I had two thoughts today about contexts where attention data could be useful--one serious, the other fanciful.
My wife is a reference librarian and legal research instructor at a law school. Her students and faculty members are constantly devouring huge amounts of legal reference and research materials. Much of this information is unavailable online (or at the very least extremely difficult to access)--but it's all highly organized, with extensive cataloging metadata. What if the students and faculty could capture and share the attention data that's being generated by their research activities? Everything from Lexis search results to checkout histories of old scholarly texts could be compiled to generate a legal research profile for everyone, which could then be cross-referenced to help people focus in on the resources that are likely to be interesting and useful to them. It would be an incredible timesaver.
I've also been thinking about a comment Paul Montgomery left on a post by Michael Arrington at TechCrunch:
...[M]any people like having different personae, and don’t want to be defined as one single entity. The persona they project to a single parent support group will be different to the persona they project at a computer games forum, and different again to the one they present at a P2P porn-sharing message board. If ATX can accomodate different personae for a single person, that might help drag more people in.

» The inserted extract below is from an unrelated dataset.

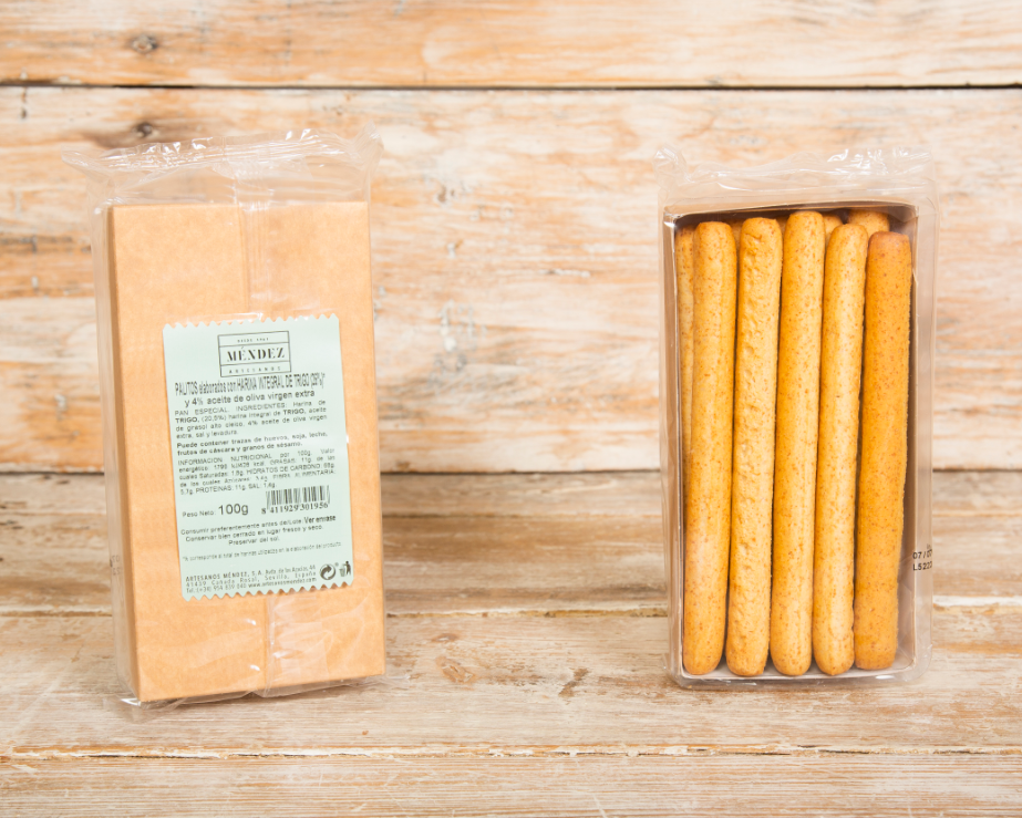 Descubre nuestros Palitos Integrales  con 4,5% Aceite de Oliva de 100g, una delicia crujiente y nutritiva.
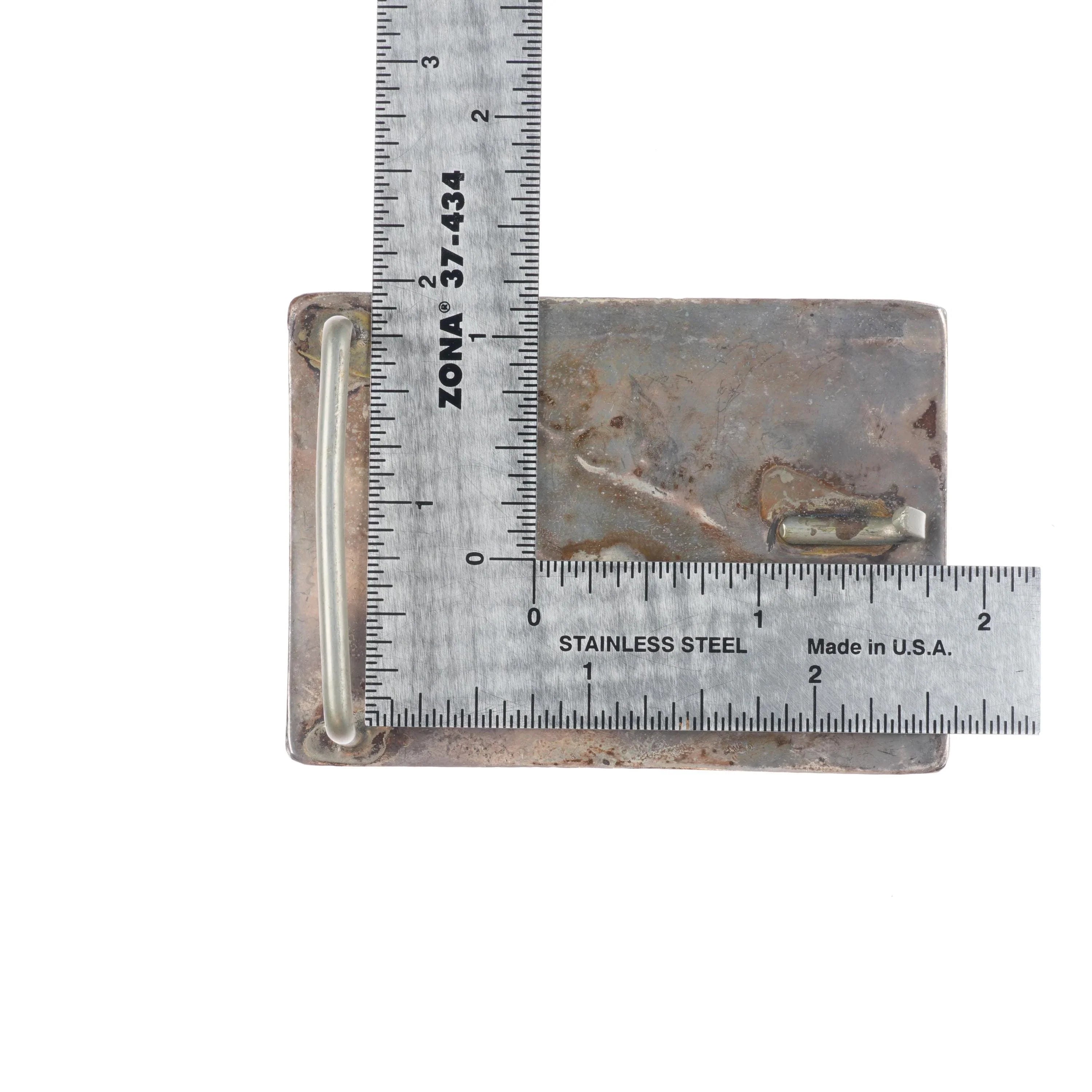 Vintage Zuni sterling silver turquoise cluster feather belt buckle, fits up to a 1.5" wide belt. Tested and guaranteed solid sterling silver. Weight and measurements in pictures, circa third quarter of the 20th century. Unmarked.

This leapt to mind during today's Web 2.0 session on gaming. One of the panelists predicted that the future of role-playing virtual environment games lay in allowing gamers in for free, but conducting actual micro-transactions with their avatars. Well, a gamer's avatar is just another persona, and it's going to be generating all sorts of attention data--where it goes, what it consumes, what other avatars it meets. Why not capture your avatar's attention data in order to share it with other gamers, or with other games? Just a thought.